7. i tried several times ,and always got the mismatch, do you have any suggesstions,thanks.

Comment 14 Gu Nini 2016-05-20 07:21:45 UTC
(In reply to Yang Meng from comment #13)
> kernel-3.10.0-229.35.1.el7.x86_64
> qemu-kvm-rhev-2.1.2-23.el7_1.12.x86_64
> 
> 
> i met this problem on the version above
> 

Jeff,

After add the block-job-complete step, we still met the problem both manually and in auto on the latest rhel7.1z qemu-kvm-rhev version with 100% reproduce rate; however, we failed to reproduce the bug in the latest qemu-kvm-rhev versions of both rhel7.2z and rhel7.3.

Comment 15 Yang Meng 2016-05-25 02:31:17 UTC
tried on 
qemu-kvm-rhev-2.1.2-23.el7.x86_64
libvirt-daemon-driver-qemu-1.2.8-16.el7_1.5.x86_64
qemu-img-rhev-2.1.2-23.el7.x86_64
qemu-kvm-rhev-debuginfo-2.1.2-23.el7.x86_64
qemu-kvm-common-rhev-2.1.2-23.el7.x86_64
qemu-kvm-tools-rhev-2.1.2-23.el7.x86_64

also hit the problem,could you help to check, thanks.

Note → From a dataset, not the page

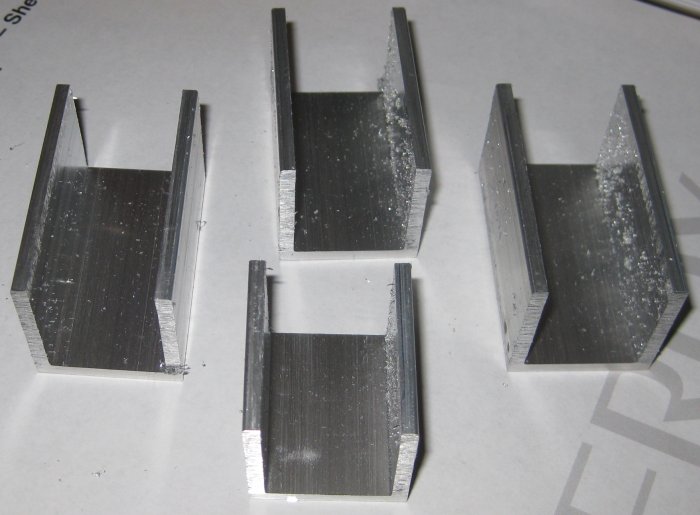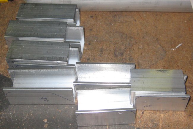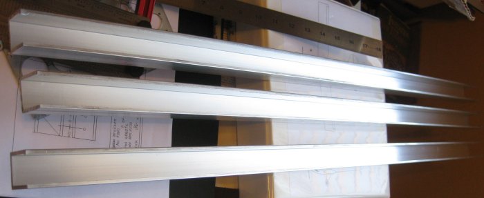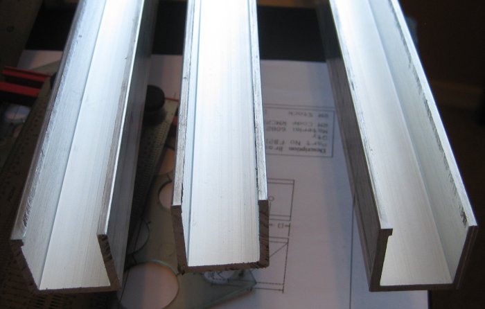 1/2 hr - marked the two routered 3-foot segments for cutting into many smaller lengths and cut one of the 3-foot segments to part-lengths. Cut easier than I thought - just start the cut at the open end of the U, and down towards the flat across the bottom of the U. I thought I might have to rotate the extrusion in the saw, but it just cut through the 1.25 wide section at the bottom of the U - slowly, but it cut it no problems.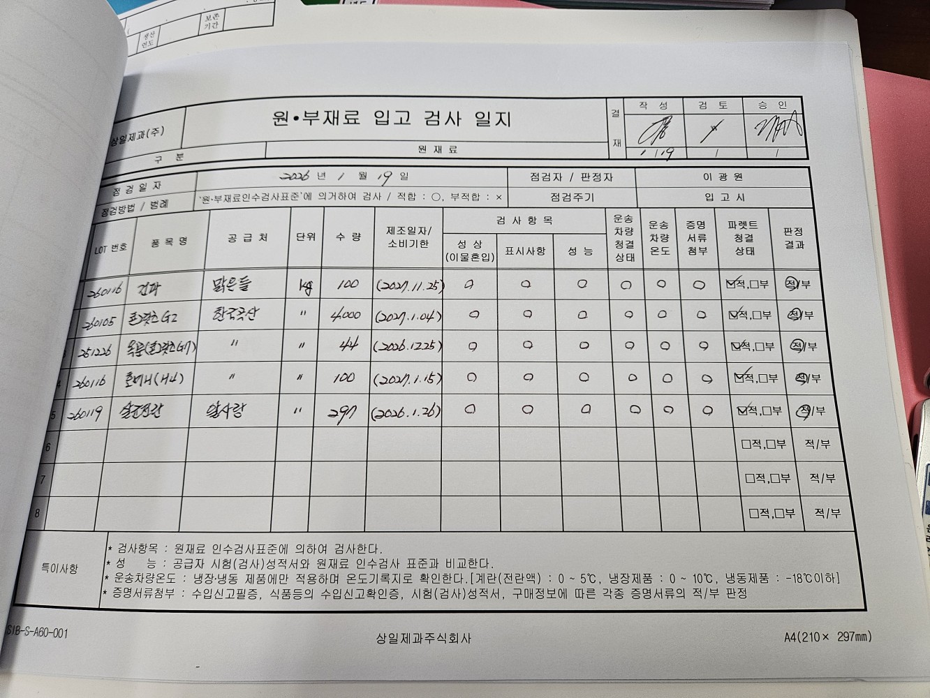 2. 원부재료 및 포장재 입고 검사 및 검수를 실시하고 있는가

Comment 16 Ademar Reis 2016-05-25 20:05:01 UTC
(In reply to Gu Nini from comment #14)
> 
> After add the block-job-complete step, we still met the problem both
> manually and in auto on the latest rhel7.1z qemu-kvm-rhev version with 100%
> reproduce rate; however, we failed to reproduce the bug in the latest
> qemu-kvm-rhev versions of both rhel7.2z and rhel7.3.

So given 7.2.z and 7.3 work, I'm changing this BZ to CURRENTRELEASE. AFAIK there are no plans or requests to release a fix to 7.1.z.